__Prompt__.
Starting at the line that contains "One 1925-D $2" and stopping after the line that contains "BRISTOL Στράπλες κορμάκι", transcribe the listing below exactly; do not include any pictures.

__Source data__.

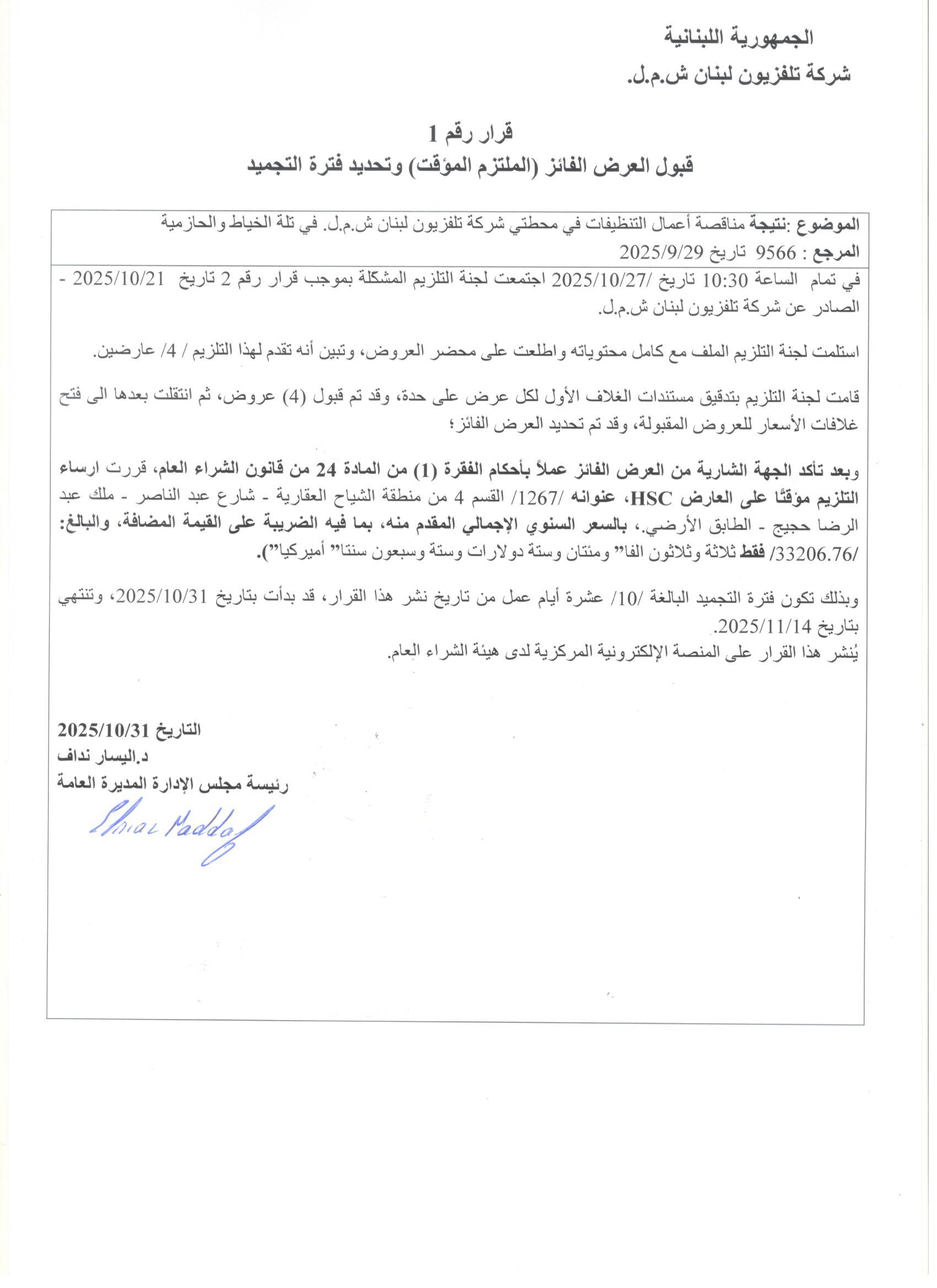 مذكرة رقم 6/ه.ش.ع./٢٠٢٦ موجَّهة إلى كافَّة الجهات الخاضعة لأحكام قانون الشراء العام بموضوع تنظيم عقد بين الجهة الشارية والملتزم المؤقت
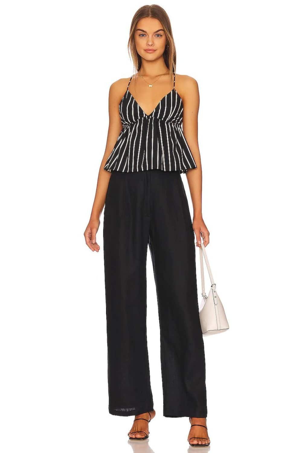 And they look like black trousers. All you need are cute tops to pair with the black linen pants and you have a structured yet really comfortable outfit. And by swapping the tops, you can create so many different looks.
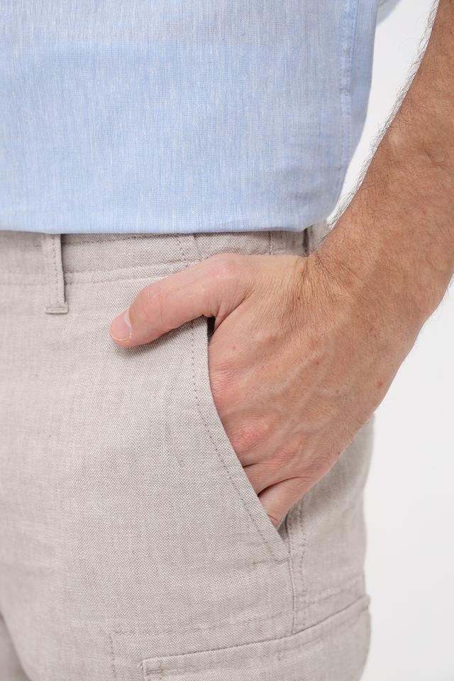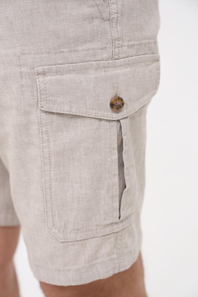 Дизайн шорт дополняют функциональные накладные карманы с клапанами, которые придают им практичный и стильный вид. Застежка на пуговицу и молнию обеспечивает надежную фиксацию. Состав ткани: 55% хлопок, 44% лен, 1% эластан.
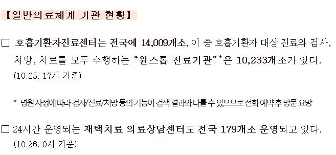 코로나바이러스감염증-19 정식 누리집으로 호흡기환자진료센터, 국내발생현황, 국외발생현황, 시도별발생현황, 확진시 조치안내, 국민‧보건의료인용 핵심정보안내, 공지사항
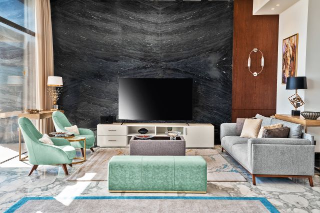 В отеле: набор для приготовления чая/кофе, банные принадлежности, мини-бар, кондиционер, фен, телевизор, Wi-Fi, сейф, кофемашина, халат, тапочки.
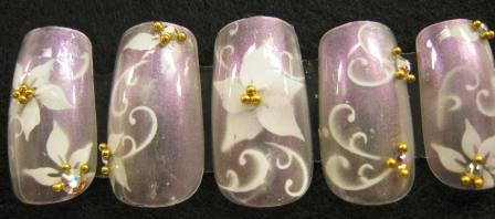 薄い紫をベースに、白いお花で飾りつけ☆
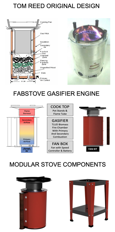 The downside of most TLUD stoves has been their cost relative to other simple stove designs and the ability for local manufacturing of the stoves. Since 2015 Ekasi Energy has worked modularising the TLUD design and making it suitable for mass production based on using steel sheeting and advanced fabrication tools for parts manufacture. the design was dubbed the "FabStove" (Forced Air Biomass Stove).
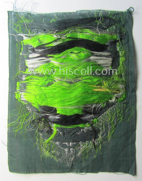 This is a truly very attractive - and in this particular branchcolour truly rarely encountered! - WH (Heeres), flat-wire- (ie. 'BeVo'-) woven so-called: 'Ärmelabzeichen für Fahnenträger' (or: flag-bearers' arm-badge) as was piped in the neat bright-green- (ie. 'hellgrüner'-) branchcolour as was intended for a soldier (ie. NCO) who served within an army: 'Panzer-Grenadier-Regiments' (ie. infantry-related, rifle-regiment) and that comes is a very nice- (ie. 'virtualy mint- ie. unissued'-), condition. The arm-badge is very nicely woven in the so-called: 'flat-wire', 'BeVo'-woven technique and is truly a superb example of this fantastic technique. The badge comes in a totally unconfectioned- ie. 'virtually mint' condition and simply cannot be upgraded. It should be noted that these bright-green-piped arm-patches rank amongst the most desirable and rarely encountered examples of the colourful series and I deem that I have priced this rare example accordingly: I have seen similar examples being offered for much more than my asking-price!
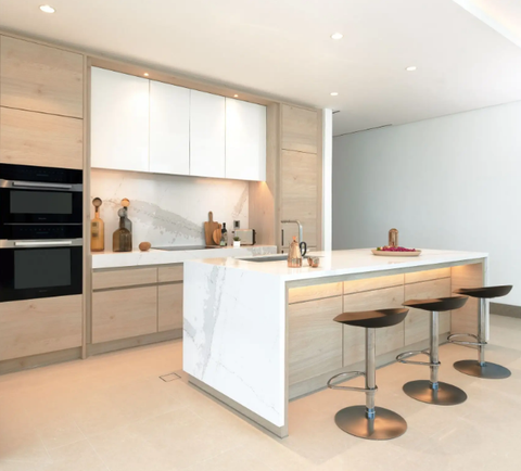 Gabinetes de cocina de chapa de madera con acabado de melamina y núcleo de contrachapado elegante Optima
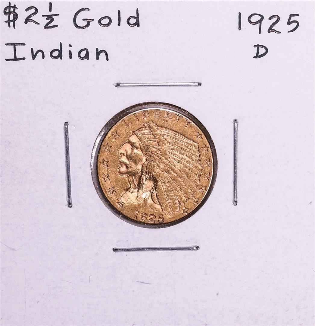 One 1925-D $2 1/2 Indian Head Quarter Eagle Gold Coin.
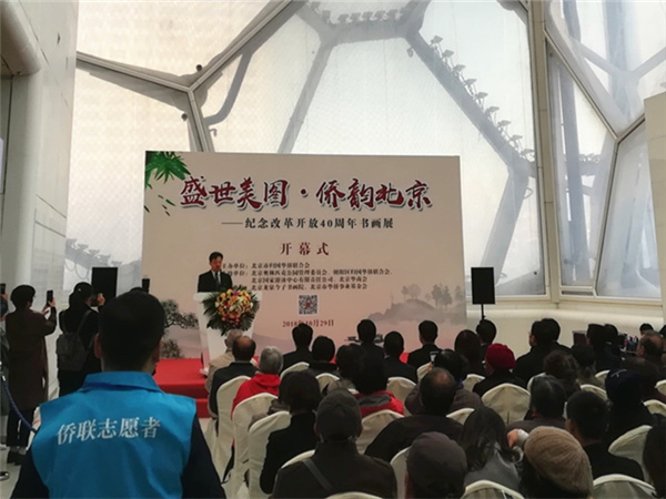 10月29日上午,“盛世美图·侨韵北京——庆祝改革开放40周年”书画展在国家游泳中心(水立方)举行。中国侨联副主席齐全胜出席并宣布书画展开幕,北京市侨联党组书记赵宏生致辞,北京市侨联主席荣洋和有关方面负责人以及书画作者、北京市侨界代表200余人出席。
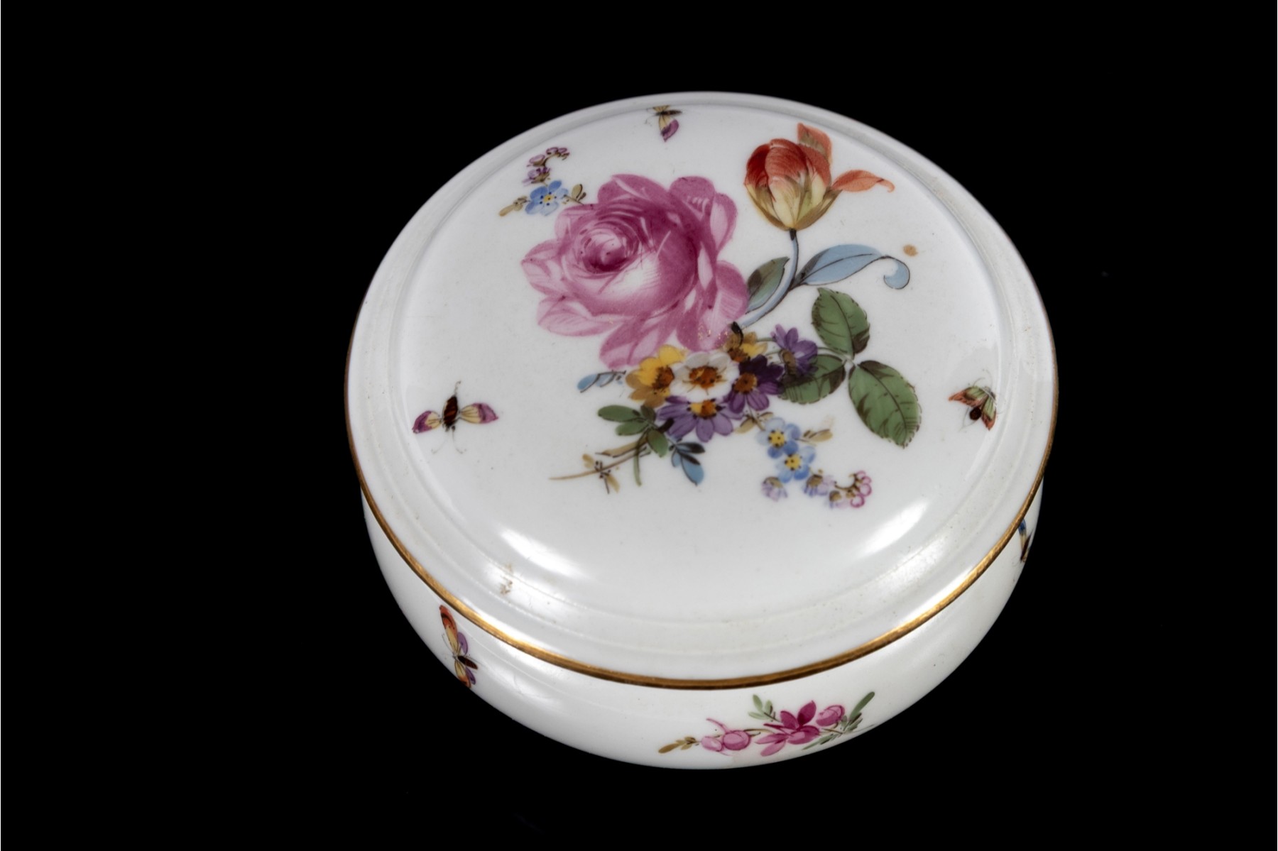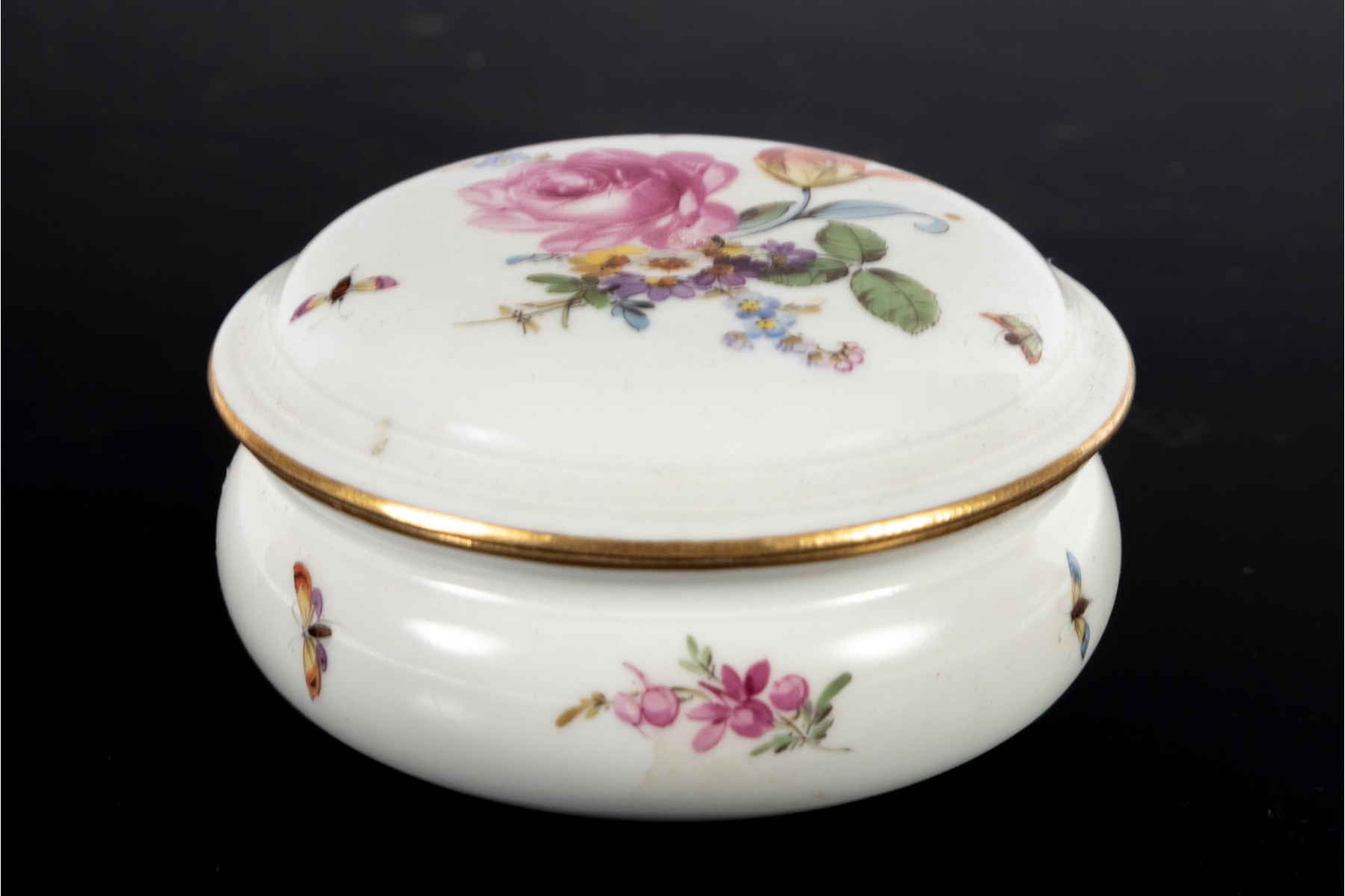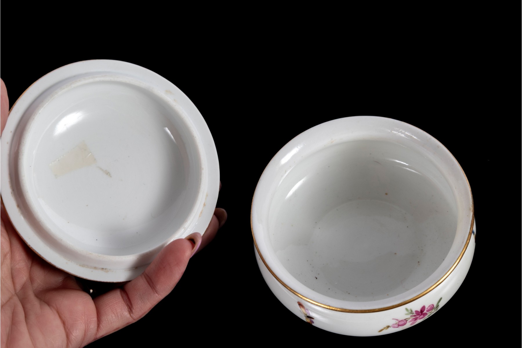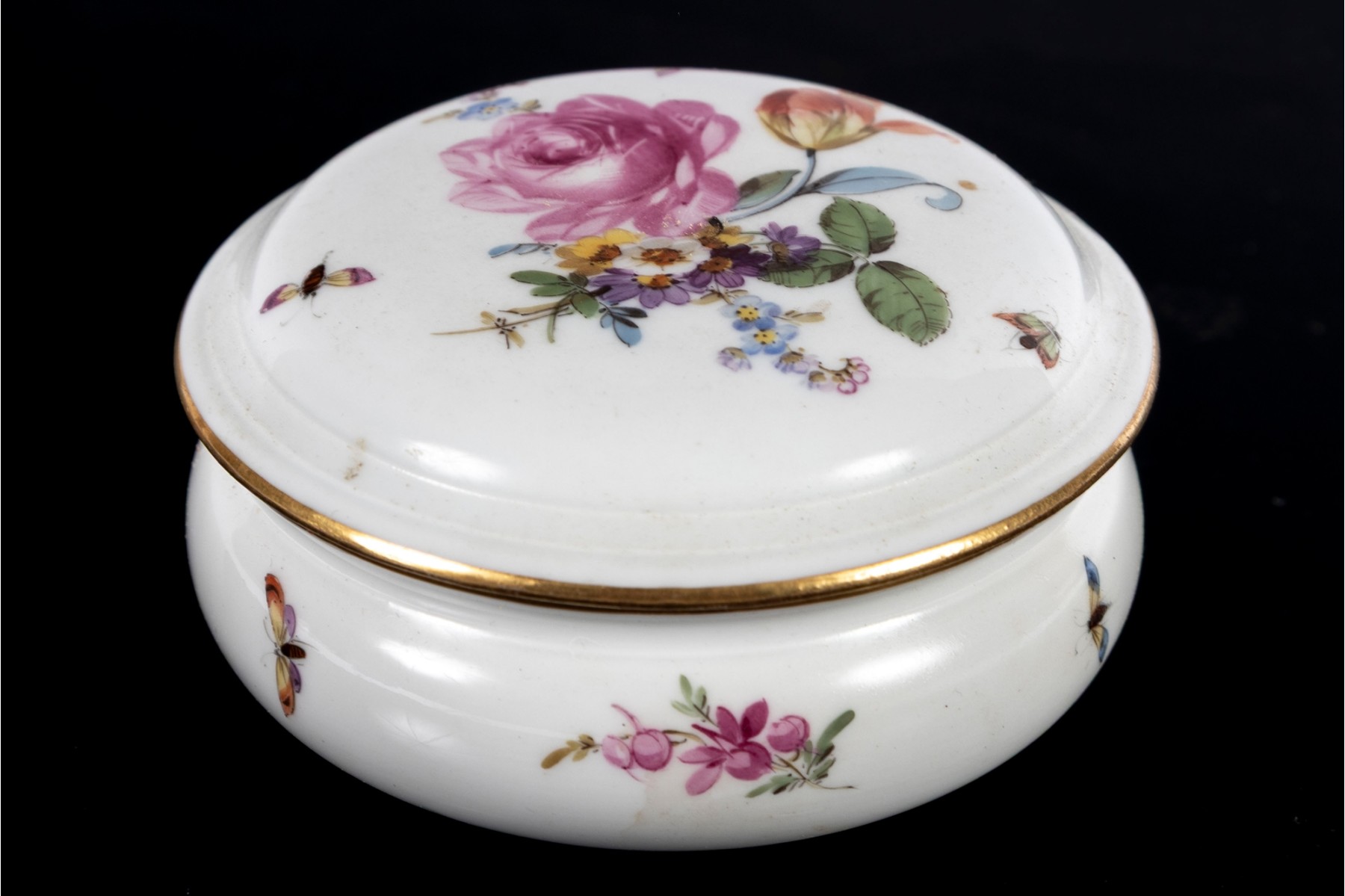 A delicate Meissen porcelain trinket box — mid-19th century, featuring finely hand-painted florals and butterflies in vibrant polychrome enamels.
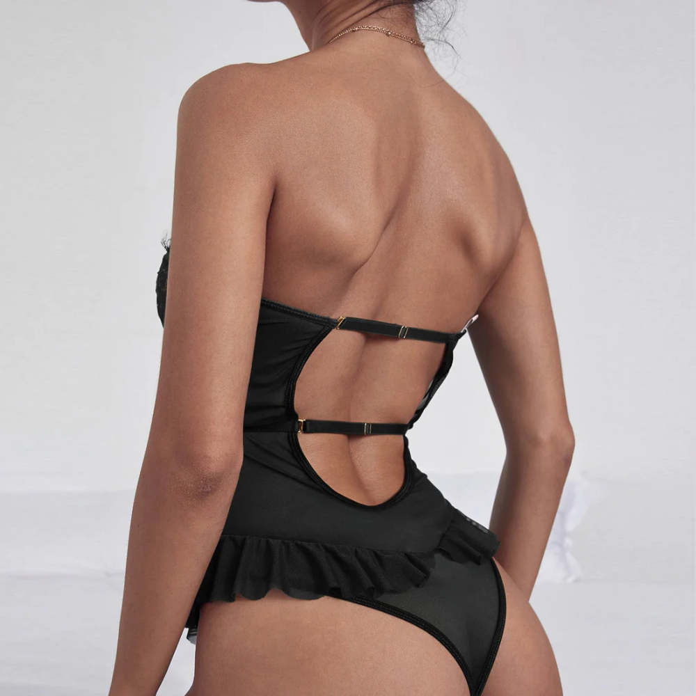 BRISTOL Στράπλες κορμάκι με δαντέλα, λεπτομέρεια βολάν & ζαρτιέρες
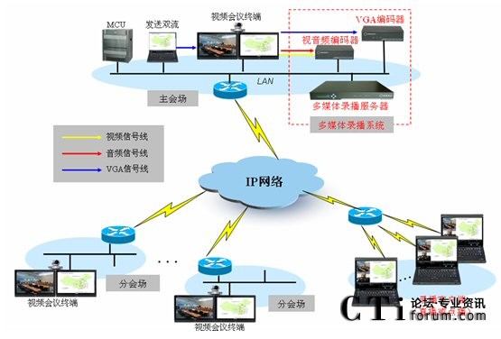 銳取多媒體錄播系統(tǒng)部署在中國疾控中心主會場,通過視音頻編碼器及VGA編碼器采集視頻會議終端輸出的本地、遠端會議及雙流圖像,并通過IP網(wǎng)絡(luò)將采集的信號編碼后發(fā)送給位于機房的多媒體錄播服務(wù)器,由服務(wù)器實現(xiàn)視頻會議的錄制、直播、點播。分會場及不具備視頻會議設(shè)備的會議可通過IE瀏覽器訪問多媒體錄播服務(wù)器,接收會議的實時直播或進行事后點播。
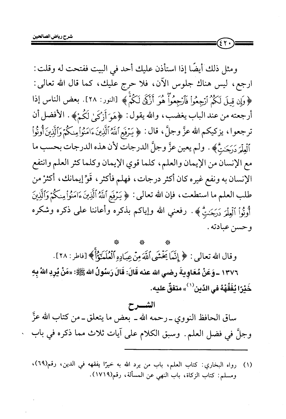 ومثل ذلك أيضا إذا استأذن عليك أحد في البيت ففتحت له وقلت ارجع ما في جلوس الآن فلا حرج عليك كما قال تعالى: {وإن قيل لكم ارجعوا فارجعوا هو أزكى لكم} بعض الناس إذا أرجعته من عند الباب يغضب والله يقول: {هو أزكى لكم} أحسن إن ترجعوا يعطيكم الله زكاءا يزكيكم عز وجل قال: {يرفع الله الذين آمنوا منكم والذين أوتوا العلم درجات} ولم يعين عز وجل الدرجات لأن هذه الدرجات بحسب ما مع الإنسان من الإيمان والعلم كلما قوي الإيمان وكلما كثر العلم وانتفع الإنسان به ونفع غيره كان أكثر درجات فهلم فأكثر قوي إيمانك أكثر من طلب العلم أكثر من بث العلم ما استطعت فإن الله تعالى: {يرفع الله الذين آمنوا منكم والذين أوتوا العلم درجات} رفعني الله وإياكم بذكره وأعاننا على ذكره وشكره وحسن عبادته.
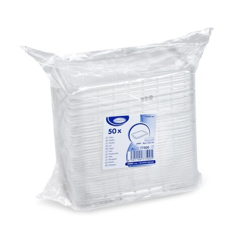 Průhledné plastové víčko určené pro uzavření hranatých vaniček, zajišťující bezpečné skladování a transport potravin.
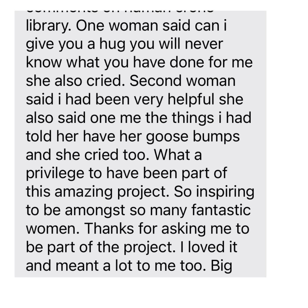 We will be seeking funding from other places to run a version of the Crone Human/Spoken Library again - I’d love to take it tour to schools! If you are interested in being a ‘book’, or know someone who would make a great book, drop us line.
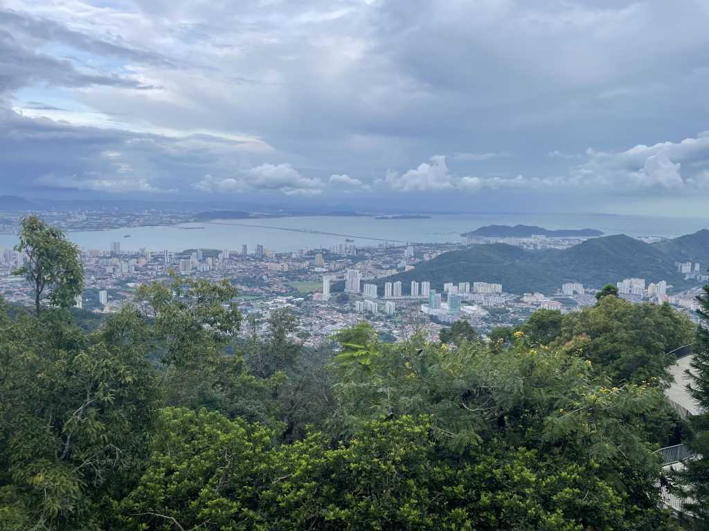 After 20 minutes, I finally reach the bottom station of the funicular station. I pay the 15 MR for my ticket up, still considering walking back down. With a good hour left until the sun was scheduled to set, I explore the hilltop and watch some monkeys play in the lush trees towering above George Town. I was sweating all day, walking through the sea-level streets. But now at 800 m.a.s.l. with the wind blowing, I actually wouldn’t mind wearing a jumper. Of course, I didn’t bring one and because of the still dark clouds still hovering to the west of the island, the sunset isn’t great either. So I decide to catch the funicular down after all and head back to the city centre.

__Result of the task__.
 One 1925-D $2 1/2 Indian Head Quarter Eagle Gold Coin.
 10月29日上午,“盛世美图·侨韵北京——庆祝改革开放40周年”书画展在国家游泳中心(水立方)举行。中国侨联副主席齐全胜出席并宣布书画展开幕,北京市侨联党组书记赵宏生致辞,北京市侨联主席荣洋和有关方面负责人以及书画作者、北京市侨界代表200余人出席。
 A delicate Meissen porcelain trinket box — mid-19th century, featuring finely hand-painted florals and butterflies in vibrant polychrome enamels.
 BRISTOL Στράπλες κορμάκι με δαντέλα, λεπτομέρεια βολάν & ζαρτιέρες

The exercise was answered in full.